Less than two weeks after Army officials announced they plan to nix the service’s $6 billion battlefield network backbone, leaders are emphasizing the need to immediately move forward with alternate solutions in order to save troops’ lives.

Amid congressional inquiry, officials said Sept. 27 that the Warfighter Information Network-Tactical, or WIN-T, program would end as Army leaders reroute funding to alternate capabilities that are more agile, secure and threat-responsive. The move involves shifting nearly half a billion dollars in funding in order to better secure communications in the theater.

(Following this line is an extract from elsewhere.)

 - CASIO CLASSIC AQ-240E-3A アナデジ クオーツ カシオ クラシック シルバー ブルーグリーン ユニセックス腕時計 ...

“We have two big problems. We have a ‘fight tonight’ issue; we have significant gaps in terms of complexity and vulnerabilities, in terms of the evolution of near-term threats,” Lt. Gen. Bruce Crawford, the Army‘s G-6/chief information officer, said Oct. 9 at the Association of the U.S. Army‘s annual meeting in Washington.

“There are vulnerabilities we know about now related specifically to anti-jam … so these resources are literally to buy things to fix the ‘fight tonight’ issue. The second part is fundamental process issues. The process we’ve been using to purchase IT is based on large platforms” instead of on the pace of technology.

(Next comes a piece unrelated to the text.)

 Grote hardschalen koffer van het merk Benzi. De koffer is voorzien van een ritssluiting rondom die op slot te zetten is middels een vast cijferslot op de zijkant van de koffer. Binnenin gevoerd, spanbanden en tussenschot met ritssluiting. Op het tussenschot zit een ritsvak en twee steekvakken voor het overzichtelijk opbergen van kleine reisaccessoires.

Crawford said WIN-T and the Army’s related IT and communications problems are the product of more than a decade and a half at war, “a 16-year problem in need of a one-year solution” given the urgency of the situation. But in a broad-reaching, $6 billion morass, what gets addressed first, and where exactly will the money go in order to generate short-term answers?

A top priority will be “deconflicting mission command complexity,” said Gary Martin, program executive officer for command, control and communications-tactical. “If you go to any of our [combat training centers], on average it takes 40 to 50 hours just to bring up network. And that’s [because of] a combination of things,” including the complexity of the network and the need to manually configure networks — something that increasingly must be done in short order, on the move.

To streamline, the Army is targeting tools and technology that are less complicated and easier for soldiers on the ground to operate. It’s a problem Crawford and other Army leaders acknowledged has taken a long time and concerted effort to attempt to fix.

Other key areas of emphasis involve toughening troops against interference with satellite communications, including through more use of tropospheric transmission capabilities that extend the network and enable communication amid loss of satellite communication. And then there’s the push to simplify and restructure command posts themselves, making them lighter, more mobile and less susceptible to enemies intercepting signatures and communications that reveal soldiers’ locations.

“There’s a transport piece, a mission command suite part of this, and fixing the command post problem — we can’t wish it away,” Crawford said.

“Peer adversaries have been developing [capabilities] — not just electronic warfare and cyber — with the ability to link sensor to shooter. They’re able to sense us and link to direct and indirect fire capabilities that can kill. Survivability of the command post is based on real threats and the realization that while fighting 16 years of combat, our peers have also gone to school on us and developed capabilities that put us at significant risk if we don’t mitigate that risk.”